====== Material shown

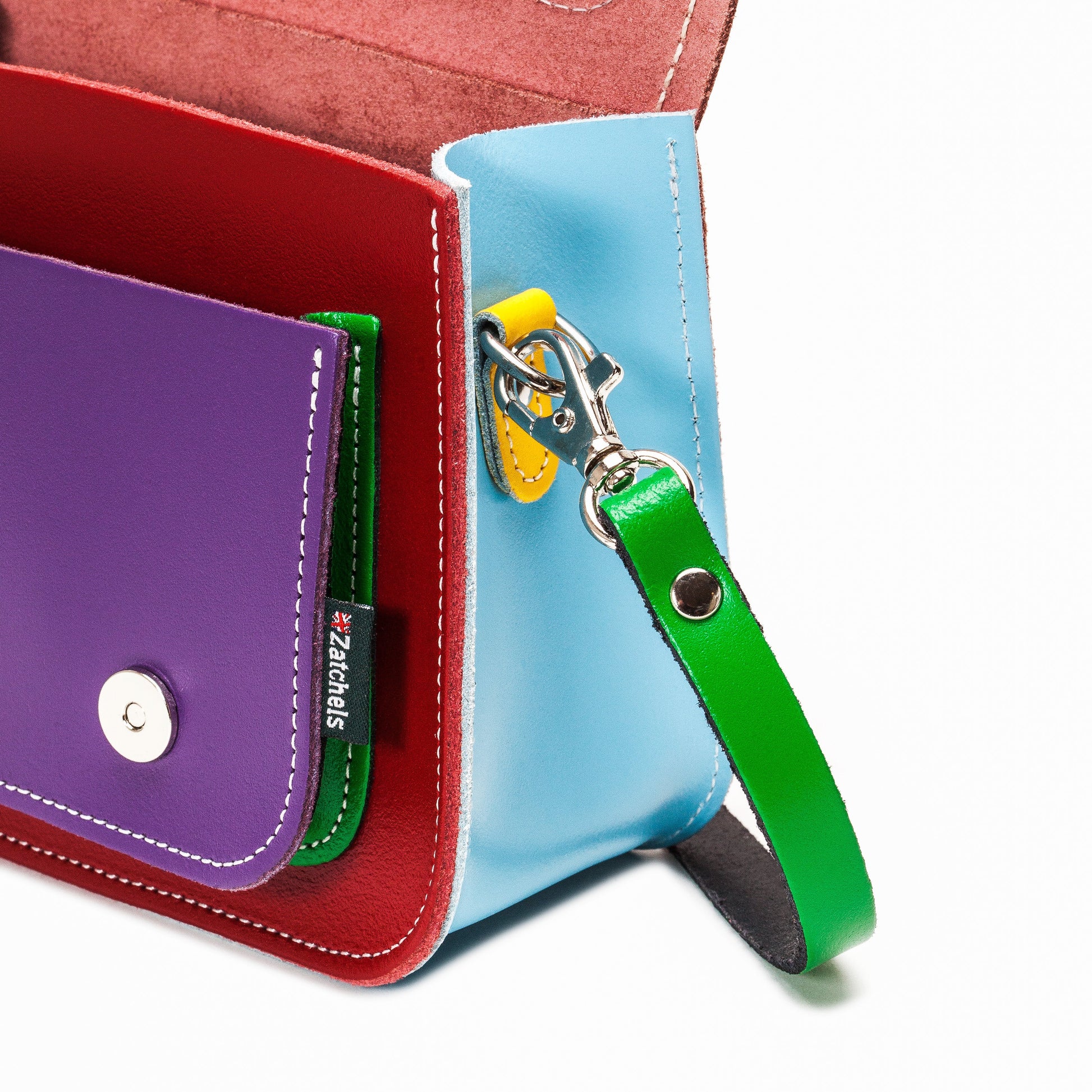 This fantastic kaleidoscope micro satchel is carefully handmade in England from the best quality leather, using traditional British expert craftsmanship.
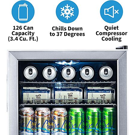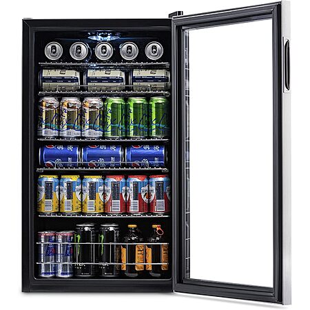 [PERFECT FOR ANY PURPOSE] - Holds everything from soda, beer, wine and more so you can stay stocked for any occasion. Features a reversible glass door and timeless stainless-steel frame so you can view your contents from a glance.
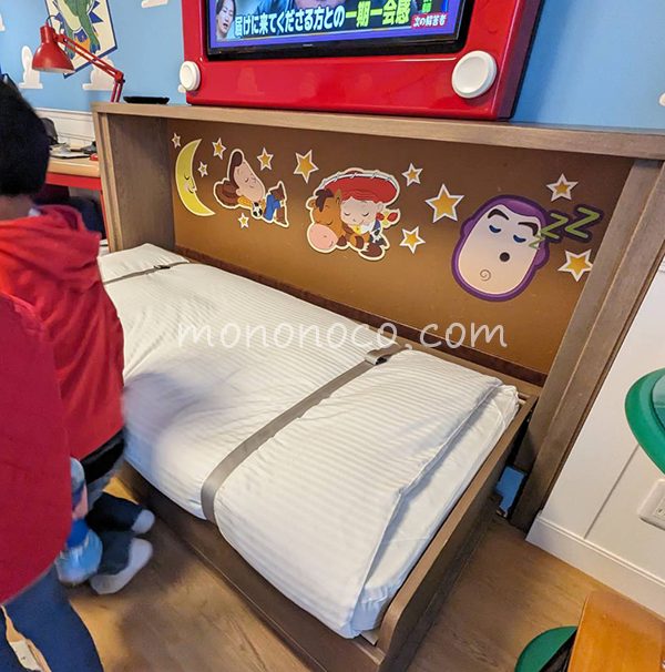 我が家が宿泊したスタンダードルームはツインベッド2(添い寝各1名可)、トランドルベッド1(添い寝不可)、プルダウンベッド1(添い寝不可)の部屋のため、小学生以下の子どもが2名以上いれば、最大6名宿泊できることになります。
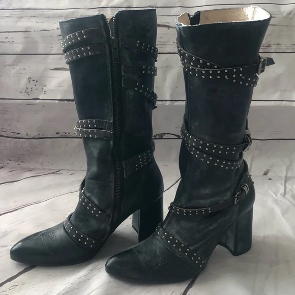 Only worn once: Freebird Jax Studded Boots. Women´s size 8. Excellent condition, distressed waxed leather look.
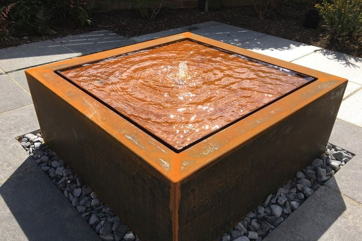 Water cascades gracefully down the steel face, creating a mesmerizing visual and auditory experience. The rusted texture of the steel contrasts beautifully with the smooth, flowing water, while the natural weathering of the corten steel adds depth and character to the piece. The square shape of the waterfall provides a modern, architectural feel, making it a compelling focal point for contemporary landscapes, urban settings, or sophisticated garden spaces.
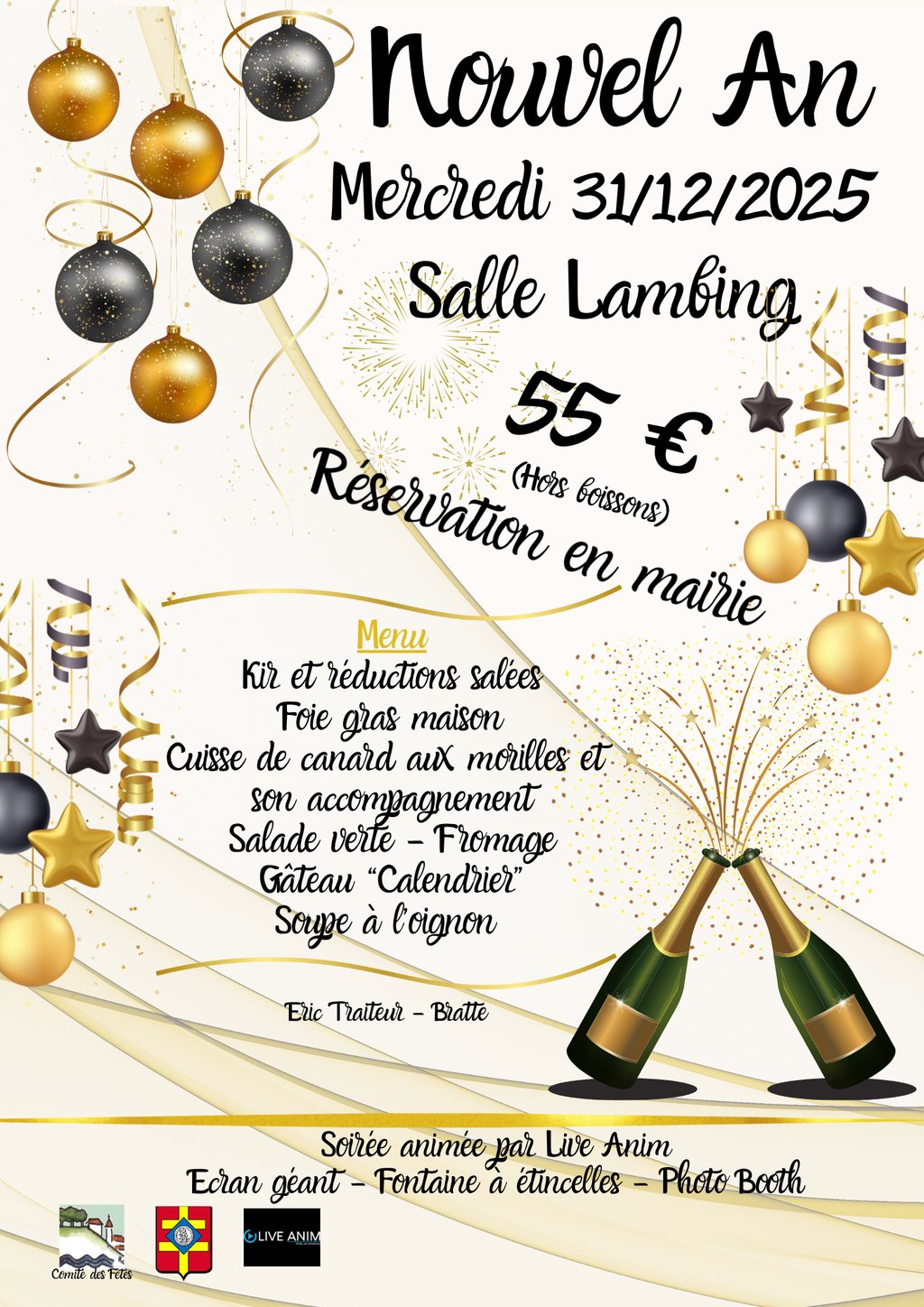 Si vous n'avez pas de projet pour la nuit de "nouvel an", n'hésitez pas à vous inscrire et participer à notre soirée. Ambiance assurée, un délicieux repas, de la musique, du champagne, un photo booth, des cotillons...tout est réuni pour que la nuit du 31 décembre soit une belle réussite.
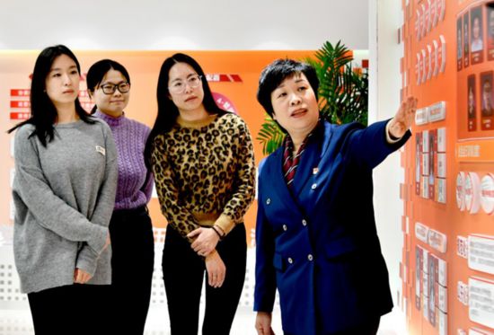 張軍萍和同事們一起商量社區(qū)工作。新華社記者黃安琪 攝
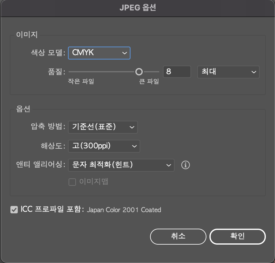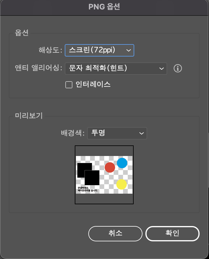 - 체크 x : 체크하지 않는다면 파일에 작업된 그래픽 그대로 설정한 포맷으로 저장이 됩니다.
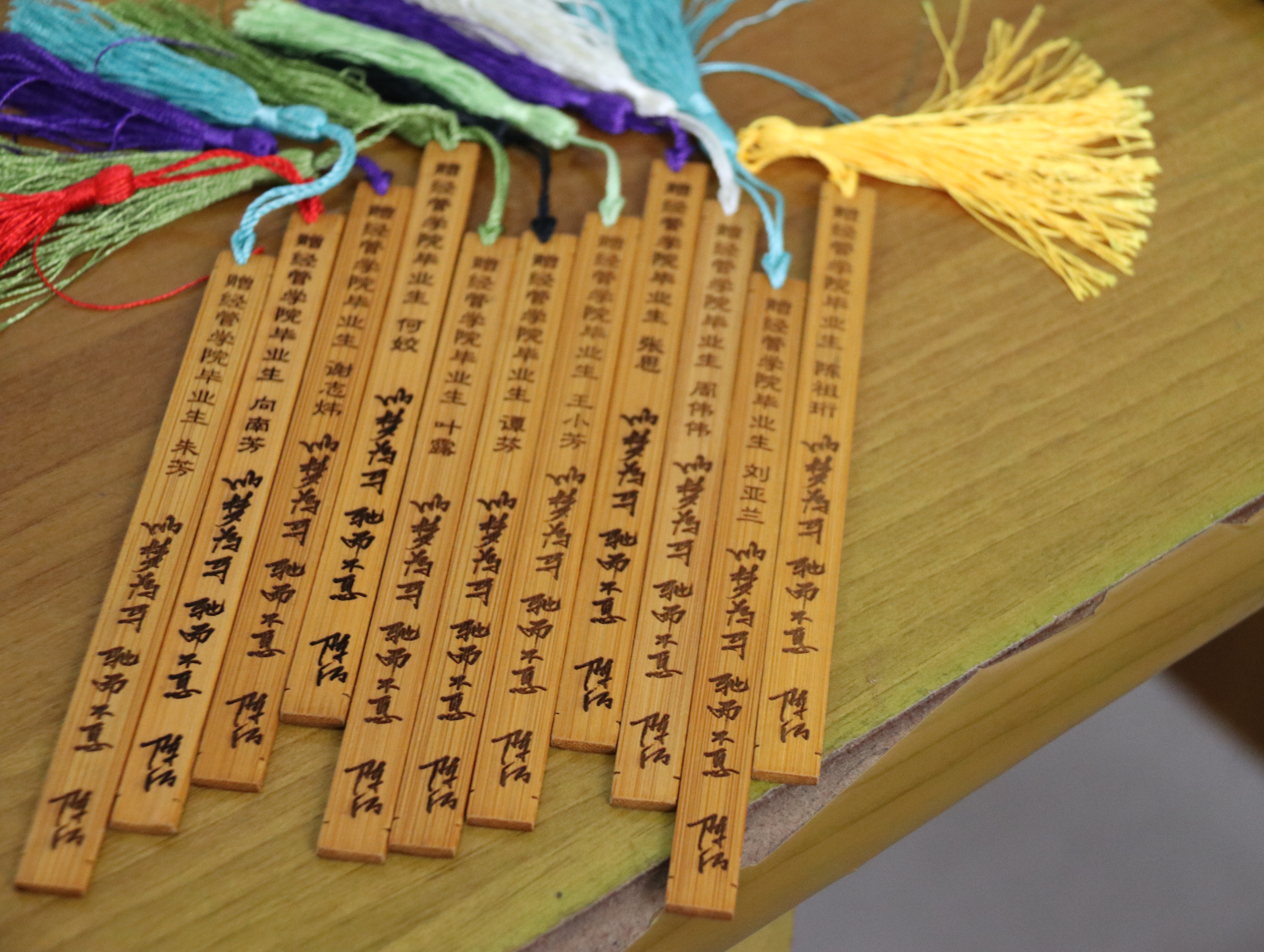 书签是木制长条形,一面刻有每一名毕业生的名字以及校党委书记陈弘书记“以梦为马,驰而不息”的寄语,希望每一位毕业生都能够怀着自己的梦想,永不停歇的愿望;另一面刻着304am永利集团官网的校徽和“德才兼备,自强不息”的校训,同时还刻有竹叶,寓意着挺拔洒脱、正直清高的品质。
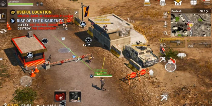 Game ini dirancang dengan kontrol sentuh yang dioptimalkan untuk perangkat mobile, dengan tombol virtual untuk bergerak, menembak, dan mengendalikan kendaraan. UI dirancang untuk memudahkan navigasi dan memberikan informasi yang diperlukan tanpa mengganggu pengalaman bermain.
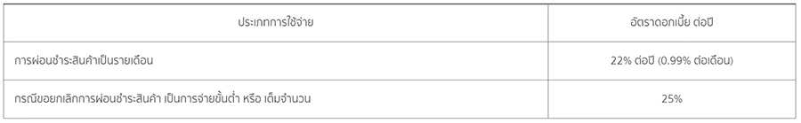 - กรณีผิดนัดชำระจะถูกเรียกเก็บดอกเบี้ยผิดนัดชำระเท่ากับอัตราดอกเบี้ยปกติสูงสุดตามสัญญา + ส่วนเพิ่ม 3% ต่อปีของเงินต้นบนค่างวดที่ผิดนัดชำระ ทั้งนี้ สูงสุดไม่เกิน 25% ต่อปี
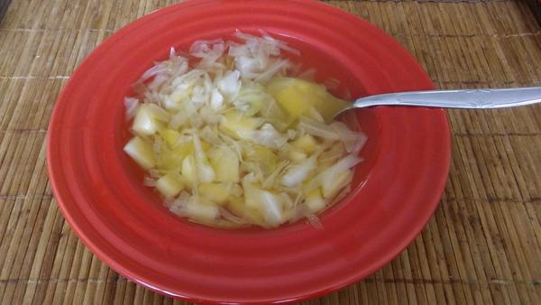 kapustová polievka, ryža a zapekané kuracie prsia s broskyňou a syrom
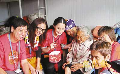 據(jù)香港文匯報(bào)報(bào)道,鐘欣桐、鄭希怡和李逸朗前日以英皇慈善基金成員身份,出席在四川擂鼓鎮(zhèn)舉行的“英皇擂鼓心連心關(guān)愛(ài)賀中秋”探訪(fǎng)活動(dòng)。身著紅色T恤、牛仔褲和靴子的阿嬌,看起來(lái)很精神。他們一行三人先到一位婆婆的家探訪(fǎng),和婆婆傾偈之余又為她按摩,原來(lái)婆婆的十名親人在早前的大地震死去,只剩下一個(gè)孫女,他們離開(kāi)婆婆的家時(shí),對(duì)方又送他們花生,當(dāng)被拒絕時(shí),婆婆實(shí)時(shí)落淚,阿嬌和鄭希怡就借機(jī)引開(kāi)婆婆的注意力,讓李逸朗把花生放回婆婆家中。
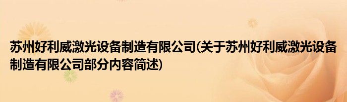 苏州好利威激光设备制造有限公司(关于苏州好利威激光设备制造有限公司部分内容简述)
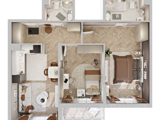 Квартал находится в западной части Сургута на пересечении Югорского тракта и улицы Игоря Киртбая. Можно быстро добраться до любой точки города по Югорскому тракту. В районе уже сформированная инфраструктура. Рядом расположены крупные торговые центры, три детских сада, поликлиника, парк и спортивная база. На первых этажах квартала спроектированы коммерческие помещения под повседневные сервисы для жителей: магазины, кафе, аптеки и другие полезные функции. Проектом развития территории предусмотрено строительство детского сада и общеобразовательной школы.
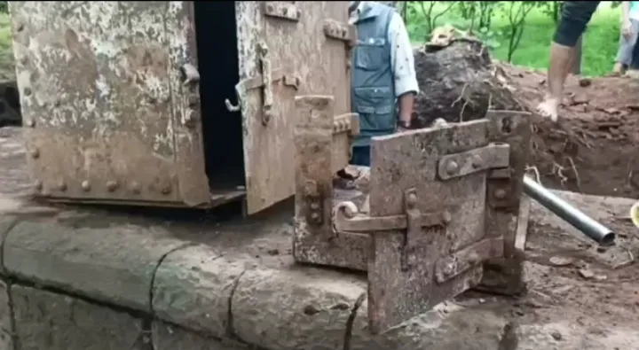सकाळी 10 वाजता राजसदरेच्या परिसरात राजा शिवछत्रपती परिवाराचे सातारा जिल्हाध्यक्ष विशाल शिंदे यांच्यासह सर्व मावळयांनी टीकाव, खोरे हाती घेत ‘हर हर महादेव’चा नारा देत कामाला सुरुवात केली. जसजशी खुदाई सुरु केली. राजवाडय़ालगत असलेल्या त्या राजसदरेच्या जुन्या इमारतीच्या भिंतीला लागून पडलेली कौले, मातीचा राडारोडा बाजूला हटवत तब्बल दीड तासाच्या कालावधीनंतर पाच फुटांचा ढिगारा हटवण्यात आला. त्याखाली गत आठवडय़ात शोधलेल्या ब्रिटीशकालीन पेटीचे काही लोखंडी अवशेष मिळाले. हे अवशेष त्याच पेटीचे असून, दोन लोखंडी आठ ते दहा फुट लांबीचे समारंत असे रॉडही आढळून आले. यामुळे या परिसरात आढळून आलेली लोखंडी पेटी ही नेमकी कशाची आहे, याबाबत तर्कवितर्क लढवले जात असून, आणखी काहीतरी या भागात आढळून येण्याची शक्यता इतिहास प्रेमींकडून वर्तवली जात आहे.
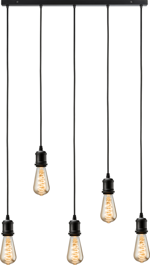 Knightsbridge's new Calla range, 5 light bar ceiling pendant with vintage style lamp holders. Each drop has 1.8m black fabric flex cable, where height can be adjusted independently. Fitting is stylish on its own or accompanied with filament lamps and cages/ shades, to create different look and style within a roomset.
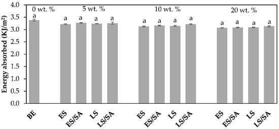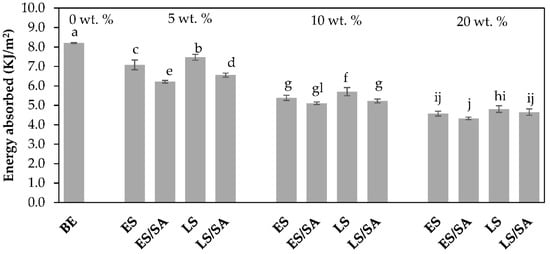 Effect of filler loadings on the Charpy impact energy absorbed by unfilled bio-epoxy and bio-epoxy composites with loadings of 5–20 wt.% at −40 °C, where a,b,c… are the results from statistical ranking using Tukey’s method at 95% confidence level.
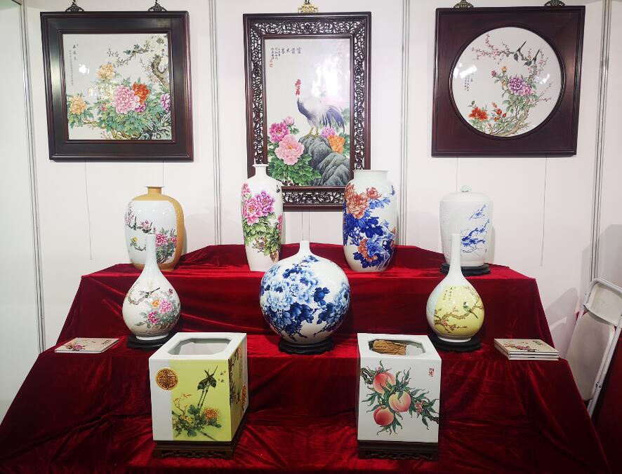 江西省陶瓷技能大師、江西省高級工藝美術(shù)師、惲派花鳥第十二代傳人、景德鎮(zhèn)青年陶瓷藝術(shù)家劉嘉鴻此次展會(huì)展出的陶瓷藝術(shù)作品共計(jì)35件,包含瓷板畫、瓷瓶、瓷盤、青花瓷、青花斗彩瓷等,其中《春滿園》、《錦堂富貴》、《長壽圖》等作品呈現(xiàn)陶瓷技藝,展示出劉嘉鴻深厚的藝術(shù)造詣。
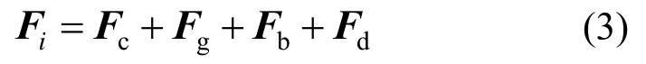 式中:Fc为海冰颗粒单元的接触力;Fg为单元受到的重力;Fb和Fd分别为海冰单元受到的浮力和拖曳力,可表示为:
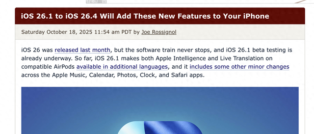 从iOS 26.1测试版到未来的26.4版本,更多功能与改进将陆续上线。以下为目前已知的新增内容,预计在未来一年左右还将有更多更新推出。
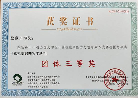 近日,“第十一届全国大学生计算机应用能力与信息素养大赛”全国总决赛在线上进行。经过激烈角逐,在ICT计算机基础大赛项目中,我校获团体三等奖,B物联网192班吴金龙、B机制196班张子茹2位同学获二等奖,D计算机193班左方慧等10人获三等奖,邵洪成等2位老师获二等奖指导教师称号,孙久等10位老师获三等奖指导老师称号。在BAP Office商务应用能力大赛项目中,盐城工学院获团体三等奖,D工管201班邹东旭获一等奖,B计算机191班张华等13人获三等奖,董琴等10位老师获三等奖指导老师称号,盐城工学院获得突出贡献奖。

============

Task instructions: Output only the stretch above from the line with "苏州好利威激光设备制造有限公司(关于苏州" through the line with "Квартал находится в", reproduced exactly. Exclude pictures.

Result:
 苏州好利威激光设备制造有限公司(关于苏州好利威激光设备制造有限公司部分内容简述)
 Квартал находится в западной части Сургута на пересечении Югорского тракта и улицы Игоря Киртбая. Можно быстро добраться до любой точки города по Югорскому тракту. В районе уже сформированная инфраструктура. Рядом расположены крупные торговые центры, три детских сада, поликлиника, парк и спортивная база. На первых этажах квартала спроектированы коммерческие помещения под повседневные сервисы для жителей: магазины, кафе, аптеки и другие полезные функции. Проектом развития территории предусмотрено строительство детского сада и общеобразовательной школы.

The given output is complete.